**Problem description:** Which lines run from the one containing "Главная страница >" through the end of the data? Write them out exactly, with the pictures left out.

**Exercise materials:**
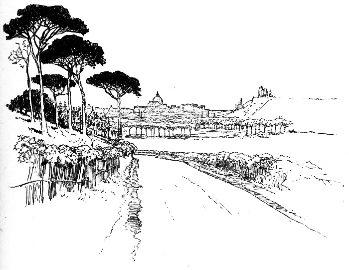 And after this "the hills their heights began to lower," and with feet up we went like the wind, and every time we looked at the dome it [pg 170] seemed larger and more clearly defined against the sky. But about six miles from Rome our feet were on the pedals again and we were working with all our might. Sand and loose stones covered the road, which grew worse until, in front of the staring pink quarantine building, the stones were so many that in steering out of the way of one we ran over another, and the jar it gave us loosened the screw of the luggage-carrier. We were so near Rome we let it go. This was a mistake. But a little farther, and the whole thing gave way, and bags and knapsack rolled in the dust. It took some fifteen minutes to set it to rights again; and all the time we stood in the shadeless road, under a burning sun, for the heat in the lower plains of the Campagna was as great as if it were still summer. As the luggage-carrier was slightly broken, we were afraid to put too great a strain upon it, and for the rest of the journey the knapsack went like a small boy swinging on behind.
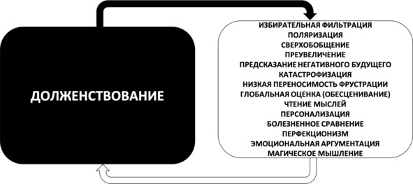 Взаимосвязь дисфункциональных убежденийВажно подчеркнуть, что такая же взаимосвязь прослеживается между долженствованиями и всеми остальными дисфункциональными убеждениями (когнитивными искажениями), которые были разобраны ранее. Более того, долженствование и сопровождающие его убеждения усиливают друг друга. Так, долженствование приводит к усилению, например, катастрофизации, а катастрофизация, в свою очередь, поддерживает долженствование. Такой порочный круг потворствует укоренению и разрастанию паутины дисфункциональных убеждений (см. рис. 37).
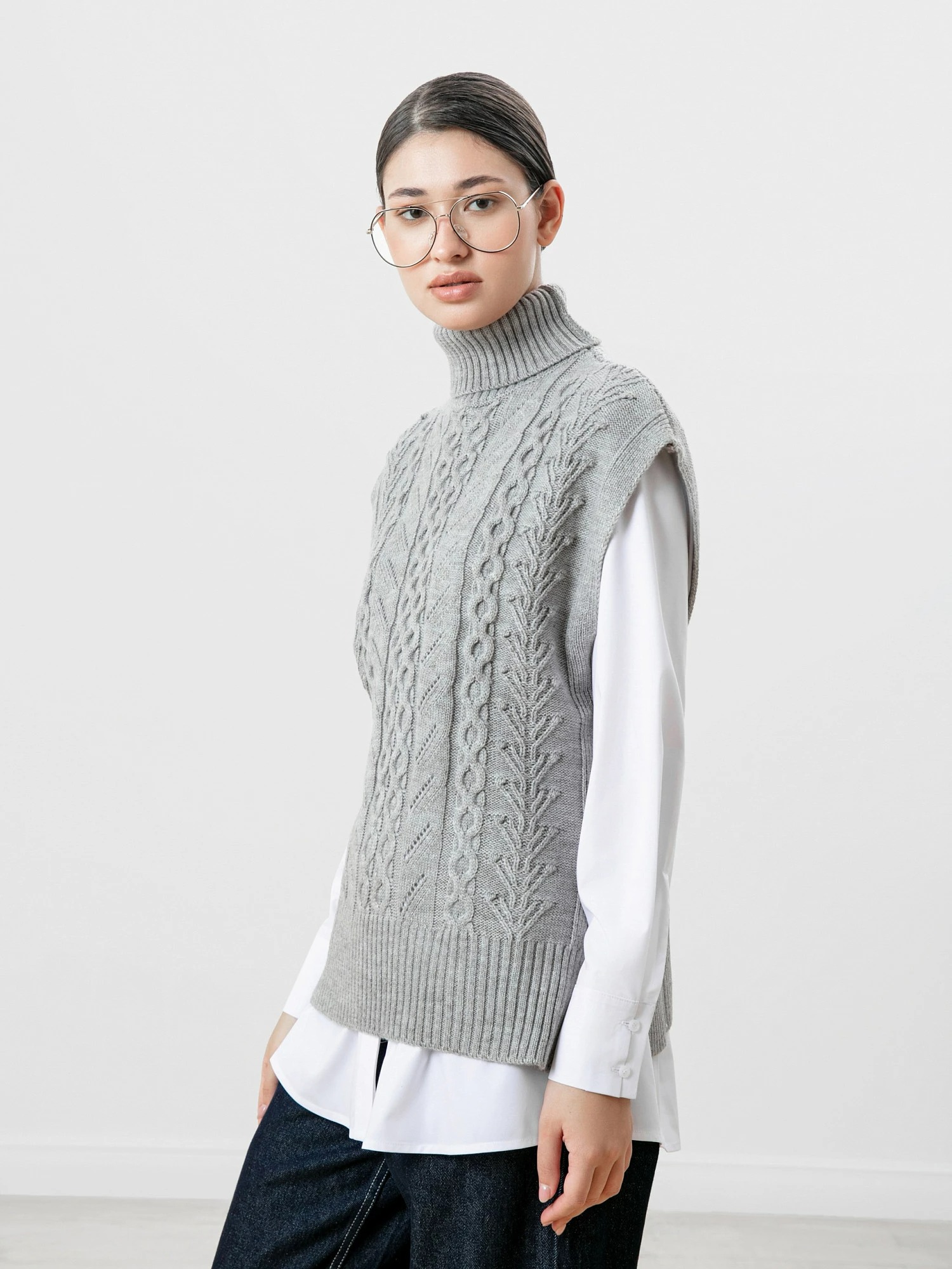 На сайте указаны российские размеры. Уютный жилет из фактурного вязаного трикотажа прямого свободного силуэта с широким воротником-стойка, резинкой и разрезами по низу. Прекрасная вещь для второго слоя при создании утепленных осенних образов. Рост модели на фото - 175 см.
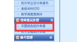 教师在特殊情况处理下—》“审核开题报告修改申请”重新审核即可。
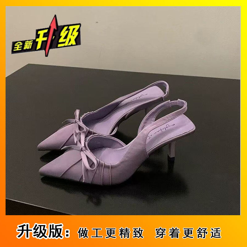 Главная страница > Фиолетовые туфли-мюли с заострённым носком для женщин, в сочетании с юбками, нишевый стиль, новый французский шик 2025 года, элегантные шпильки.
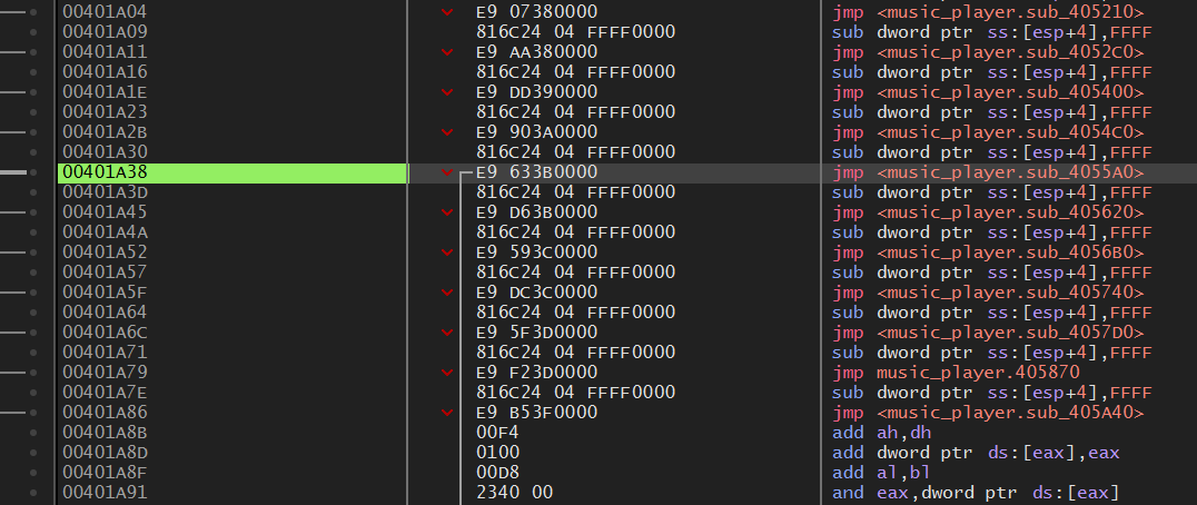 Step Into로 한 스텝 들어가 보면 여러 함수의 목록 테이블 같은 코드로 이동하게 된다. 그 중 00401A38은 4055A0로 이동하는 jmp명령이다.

**Answer space:**
 Главная страница > Фиолетовые туфли-мюли с заострённым носком для женщин, в сочетании с юбками, нишевый стиль, новый французский шик 2025 года, элегантные шпильки.
 Step Into로 한 스텝 들어가 보면 여러 함수의 목록 테이블 같은 코드로 이동하게 된다. 그 중 00401A38은 4055A0로 이동하는 jmp명령이다.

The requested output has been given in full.